:: Given data ::
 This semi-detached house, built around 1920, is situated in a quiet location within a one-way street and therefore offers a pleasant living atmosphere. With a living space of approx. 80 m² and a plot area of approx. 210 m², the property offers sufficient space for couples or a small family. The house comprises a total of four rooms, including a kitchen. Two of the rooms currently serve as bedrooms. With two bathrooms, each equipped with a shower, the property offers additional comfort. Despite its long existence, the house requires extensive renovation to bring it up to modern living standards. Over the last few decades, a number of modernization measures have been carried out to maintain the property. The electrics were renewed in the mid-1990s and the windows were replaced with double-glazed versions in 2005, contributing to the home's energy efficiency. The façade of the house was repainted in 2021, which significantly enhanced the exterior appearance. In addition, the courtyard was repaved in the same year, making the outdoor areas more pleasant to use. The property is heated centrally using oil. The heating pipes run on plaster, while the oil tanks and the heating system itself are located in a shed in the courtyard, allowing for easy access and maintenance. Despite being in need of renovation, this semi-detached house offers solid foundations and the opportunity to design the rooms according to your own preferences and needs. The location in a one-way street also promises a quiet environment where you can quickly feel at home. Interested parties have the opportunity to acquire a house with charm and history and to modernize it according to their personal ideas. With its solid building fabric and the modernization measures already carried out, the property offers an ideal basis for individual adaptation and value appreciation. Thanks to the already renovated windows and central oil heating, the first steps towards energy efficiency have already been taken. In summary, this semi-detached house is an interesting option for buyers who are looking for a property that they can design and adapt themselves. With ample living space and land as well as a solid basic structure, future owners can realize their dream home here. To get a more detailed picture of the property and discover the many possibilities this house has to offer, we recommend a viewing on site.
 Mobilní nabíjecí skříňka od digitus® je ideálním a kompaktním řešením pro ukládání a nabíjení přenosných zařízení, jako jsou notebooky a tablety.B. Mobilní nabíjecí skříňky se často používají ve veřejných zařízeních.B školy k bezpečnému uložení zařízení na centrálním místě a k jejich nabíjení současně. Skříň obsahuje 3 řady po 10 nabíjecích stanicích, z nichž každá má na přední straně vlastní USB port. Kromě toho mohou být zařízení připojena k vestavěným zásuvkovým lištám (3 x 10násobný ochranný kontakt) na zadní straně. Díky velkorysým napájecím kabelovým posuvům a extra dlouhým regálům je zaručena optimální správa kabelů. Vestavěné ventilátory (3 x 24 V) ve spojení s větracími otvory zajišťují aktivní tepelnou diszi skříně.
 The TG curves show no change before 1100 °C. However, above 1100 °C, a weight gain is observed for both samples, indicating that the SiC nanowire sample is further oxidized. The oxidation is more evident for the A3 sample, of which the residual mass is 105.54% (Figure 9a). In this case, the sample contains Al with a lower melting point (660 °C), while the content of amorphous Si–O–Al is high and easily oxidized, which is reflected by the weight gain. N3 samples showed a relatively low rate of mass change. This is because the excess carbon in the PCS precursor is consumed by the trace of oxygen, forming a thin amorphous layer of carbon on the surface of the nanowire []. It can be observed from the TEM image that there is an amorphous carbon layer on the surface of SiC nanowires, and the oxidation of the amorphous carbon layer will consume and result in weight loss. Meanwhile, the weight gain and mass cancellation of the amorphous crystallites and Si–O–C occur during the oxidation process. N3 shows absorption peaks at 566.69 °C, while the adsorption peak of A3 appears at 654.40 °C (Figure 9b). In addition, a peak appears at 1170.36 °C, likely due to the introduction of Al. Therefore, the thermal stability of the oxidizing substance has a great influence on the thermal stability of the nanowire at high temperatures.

:: Problem to solve ::
Your task is to restate the material above word for word.

:: Answer space ::
 This semi-detached house, built around 1920, is situated in a quiet location within a one-way street and therefore offers a pleasant living atmosphere. With a living space of approx. 80 m² and a plot area of approx. 210 m², the property offers sufficient space for couples or a small family. The house comprises a total of four rooms, including a kitchen. Two of the rooms currently serve as bedrooms. With two bathrooms, each equipped with a shower, the property offers additional comfort. Despite its long existence, the house requires extensive renovation to bring it up to modern living standards. Over the last few decades, a number of modernization measures have been carried out to maintain the property. The electrics were renewed in the mid-1990s and the windows were replaced with double-glazed versions in 2005, contributing to the home's energy efficiency. The façade of the house was repainted in 2021, which significantly enhanced the exterior appearance. In addition, the courtyard was repaved in the same year, making the outdoor areas more pleasant to use. The property is heated centrally using oil. The heating pipes run on plaster, while the oil tanks and the heating system itself are located in a shed in the courtyard, allowing for easy access and maintenance. Despite being in need of renovation, this semi-detached house offers solid foundations and the opportunity to design the rooms according to your own preferences and needs. The location in a one-way street also promises a quiet environment where you can quickly feel at home. Interested parties have the opportunity to acquire a house with charm and history and to modernize it according to their personal ideas. With its solid building fabric and the modernization measures already carried out, the property offers an ideal basis for individual adaptation and value appreciation. Thanks to the already renovated windows and central oil heating, the first steps towards energy efficiency have already been taken. In summary, this semi-detached house is an interesting option for buyers who are looking for a property that they can design and adapt themselves. With ample living space and land as well as a solid basic structure, future owners can realize their dream home here. To get a more detailed picture of the property and discover the many possibilities this house has to offer, we recommend a viewing on site.
 Mobilní nabíjecí skříňka od digitus® je ideálním a kompaktním řešením pro ukládání a nabíjení přenosných zařízení, jako jsou notebooky a tablety.B. Mobilní nabíjecí skříňky se často používají ve veřejných zařízeních.B školy k bezpečnému uložení zařízení na centrálním místě a k jejich nabíjení současně. Skříň obsahuje 3 řady po 10 nabíjecích stanicích, z nichž každá má na přední straně vlastní USB port. Kromě toho mohou být zařízení připojena k vestavěným zásuvkovým lištám (3 x 10násobný ochranný kontakt) na zadní straně. Díky velkorysým napájecím kabelovým posuvům a extra dlouhým regálům je zaručena optimální správa kabelů. Vestavěné ventilátory (3 x 24 V) ve spojení s větracími otvory zajišťují aktivní tepelnou diszi skříně.
 The TG curves show no change before 1100 °C. However, above 1100 °C, a weight gain is observed for both samples, indicating that the SiC nanowire sample is further oxidized. The oxidation is more evident for the A3 sample, of which the residual mass is 105.54% (Figure 9a). In this case, the sample contains Al with a lower melting point (660 °C), while the content of amorphous Si–O–Al is high and easily oxidized, which is reflected by the weight gain. N3 samples showed a relatively low rate of mass change. This is because the excess carbon in the PCS precursor is consumed by the trace of oxygen, forming a thin amorphous layer of carbon on the surface of the nanowire []. It can be observed from the TEM image that there is an amorphous carbon layer on the surface of SiC nanowires, and the oxidation of the amorphous carbon layer will consume and result in weight loss. Meanwhile, the weight gain and mass cancellation of the amorphous crystallites and Si–O–C occur during the oxidation process. N3 shows absorption peaks at 566.69 °C, while the adsorption peak of A3 appears at 654.40 °C (Figure 9b). In addition, a peak appears at 1170.36 °C, likely due to the introduction of Al. Therefore, the thermal stability of the oxidizing substance has a great influence on the thermal stability of the nanowire at high temperatures.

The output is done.